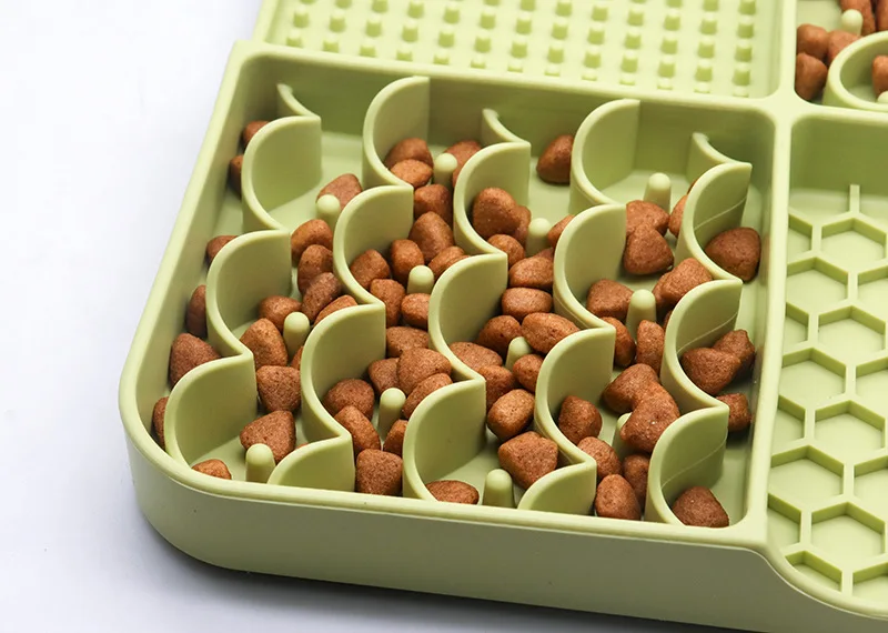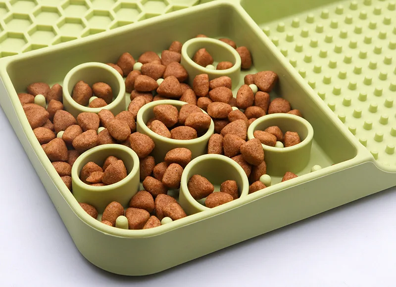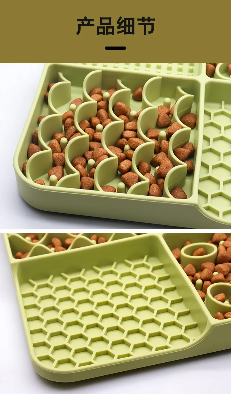 【Diseño de textura y comedero lento】 Se utilizan varios diseños de superficies con diferentes texturas para contener alimentos que se pueden esparcir, como comida húmeda para perros, mantequilla de maní o calabaza.Dos ranuras diferentes están diseñadas para bocadillos para perros no molerables, como nueces.Esta almohadilla para lamer es perfecta para prolongar el tiempo de alimentación y ayudar a que perros o gatos digieran.
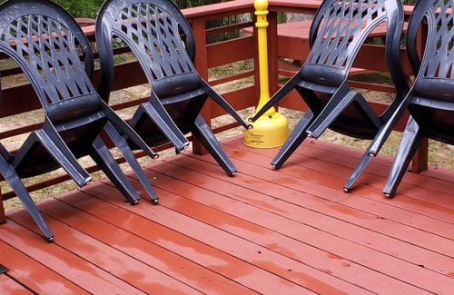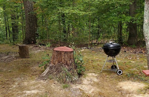 Enter the large sunroom with many windows to find a light and airy sitting area and casual dining spot. Also on this same level is a bright and cheerful bedroom with beautiful views of the four-acre forested setting. Step up to the next level and make yourself at home in the family room with beautiful views. An interesting three-sided fireplace with gas logs separates the living room from the eat-in kitchen. Watching your favorite show on the 50" LED TV, equipped with local channels and netflix, and DVD, or reading the latest issue of the local newspaper, "The Brown County Democrat" is a relaxing way to spend a lazy morning. Cooking in the fully equipped kitchen or outdoors on the charcoal grill will take care of one's hunger pains but remember how we said you're only 5 minutes from town? Here's a phrase we've found to work well when the spirit's willing but the flesh is weak: "Honey, please. Take the keys. Get pepperoni & extra cheese!"
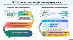 Prispevek na spletnem portalu OpenAI napoveduje izid posodobljenega modela GPT-5.3 Instant, ki prinaša tekoče in naravne pogovore z manj nepotrebnimi opozorili. Nova različica se osredotoča na večjo natančnost, izboljšano iskanje po spletu in bolj neposredne odgovore brez pretiranega moraliziranja. V primerjavi s predhodnikom model izkazuje močnejše pisne sposobnosti in boljše razumevanje konteksta v vsakdanjih situacijah. Tehnološki napredek vključuje tudi znatno […]
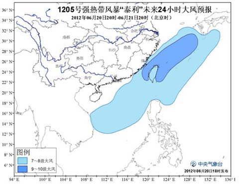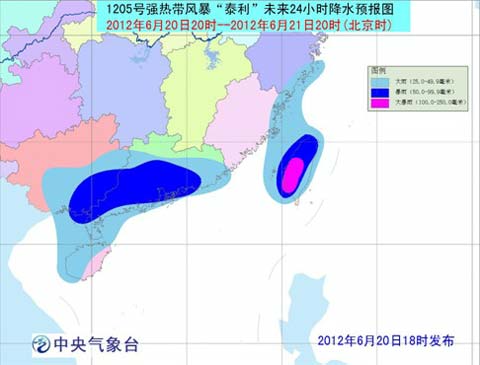 预计,“泰利”将以每小时35公里左右的速度向东北方向移动,将于今天夜间由台湾海峡进入东海南部海面,强度缓慢减弱。受“泰利”和西南季风的共同影响,20日20时至21日20时,南海大部海域、东海大部海域、台湾海峡、台湾以东洋面、巴士海峡以及福建沿海、台湾沿海、浙江中南部沿海将有7-8级的大风,部分海域或地区阵风可达9-10级,“泰利”中心经过的附近海域的风力有9-10级,阵风可达11-12级;浙江东南部和福建东北部沿海、台湾、广东中南部、广西东部、海南北部等地将有大到暴雨(30-80毫米),其中台湾西南部的部分地区有大暴雨(120-200毫米),局地有特大暴雨(300-500毫米)。
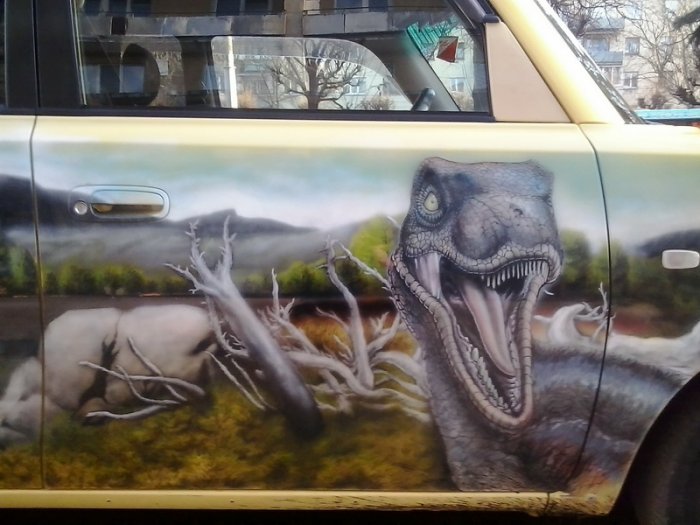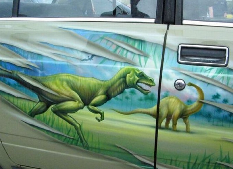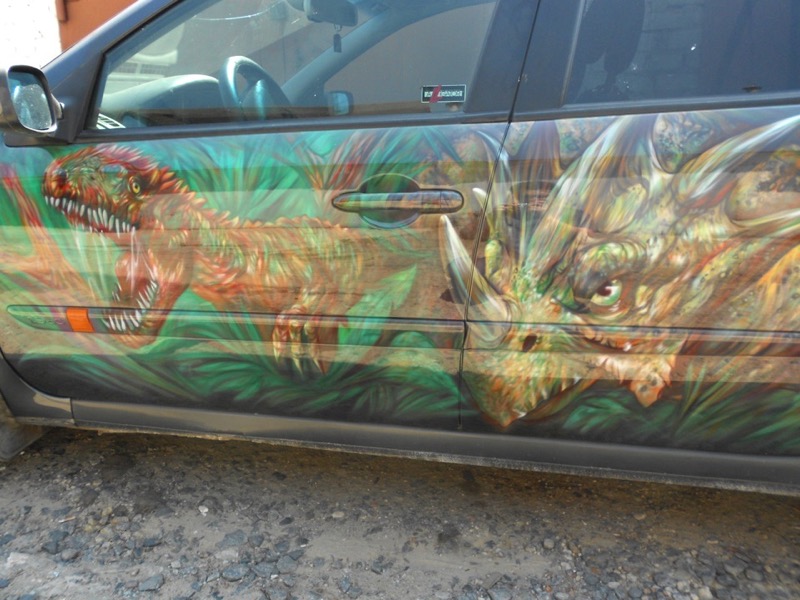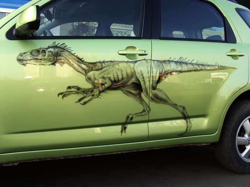 Динозавры на авто. Аэрография виниловой пленкой — винилография. На капот, кузов, крышу, двери, крылья, багажник.
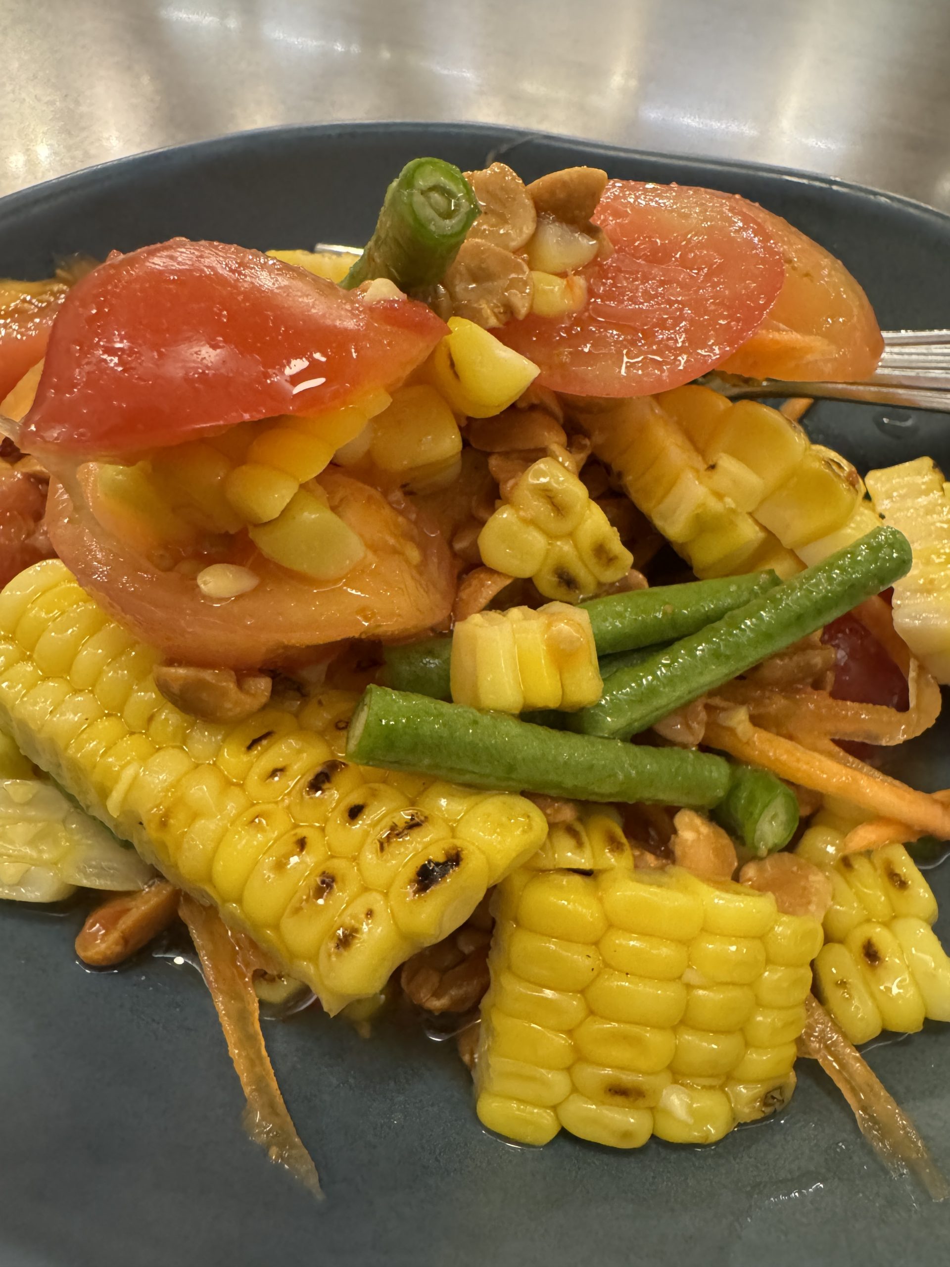 焼きトウモロコシのソムタムとグリーンマンゴーのソムタム

○ ○ ○ ○ ○ ○ ○

Every entry above is to be transcribed exactly, with all pictures left out.

(Written response)
 【Diseño de textura y comedero lento】 Se utilizan varios diseños de superficies con diferentes texturas para contener alimentos que se pueden esparcir, como comida húmeda para perros, mantequilla de maní o calabaza.Dos ranuras diferentes están diseñadas para bocadillos para perros no molerables, como nueces.Esta almohadilla para lamer es perfecta para prolongar el tiempo de alimentación y ayudar a que perros o gatos digieran.
 Enter the large sunroom with many windows to find a light and airy sitting area and casual dining spot. Also on this same level is a bright and cheerful bedroom with beautiful views of the four-acre forested setting. Step up to the next level and make yourself at home in the family room with beautiful views. An interesting three-sided fireplace with gas logs separates the living room from the eat-in kitchen. Watching your favorite show on the 50" LED TV, equipped with local channels and netflix, and DVD, or reading the latest issue of the local newspaper, "The Brown County Democrat" is a relaxing way to spend a lazy morning. Cooking in the fully equipped kitchen or outdoors on the charcoal grill will take care of one's hunger pains but remember how we said you're only 5 minutes from town? Here's a phrase we've found to work well when the spirit's willing but the flesh is weak: "Honey, please. Take the keys. Get pepperoni & extra cheese!"
 Prispevek na spletnem portalu OpenAI napoveduje izid posodobljenega modela GPT-5.3 Instant, ki prinaša tekoče in naravne pogovore z manj nepotrebnimi opozorili. Nova različica se osredotoča na večjo natančnost, izboljšano iskanje po spletu in bolj neposredne odgovore brez pretiranega moraliziranja. V primerjavi s predhodnikom model izkazuje močnejše pisne sposobnosti in boljše razumevanje konteksta v vsakdanjih situacijah. Tehnološki napredek vključuje tudi znatno […]
 预计,“泰利”将以每小时35公里左右的速度向东北方向移动,将于今天夜间由台湾海峡进入东海南部海面,强度缓慢减弱。受“泰利”和西南季风的共同影响,20日20时至21日20时,南海大部海域、东海大部海域、台湾海峡、台湾以东洋面、巴士海峡以及福建沿海、台湾沿海、浙江中南部沿海将有7-8级的大风,部分海域或地区阵风可达9-10级,“泰利”中心经过的附近海域的风力有9-10级,阵风可达11-12级;浙江东南部和福建东北部沿海、台湾、广东中南部、广西东部、海南北部等地将有大到暴雨(30-80毫米),其中台湾西南部的部分地区有大暴雨(120-200毫米),局地有特大暴雨(300-500毫米)。
 Динозавры на авто. Аэрография виниловой пленкой — винилография. На капот, кузов, крышу, двери, крылья, багажник.
 焼きトウモロコシのソムタムとグリーンマンゴーのソムタム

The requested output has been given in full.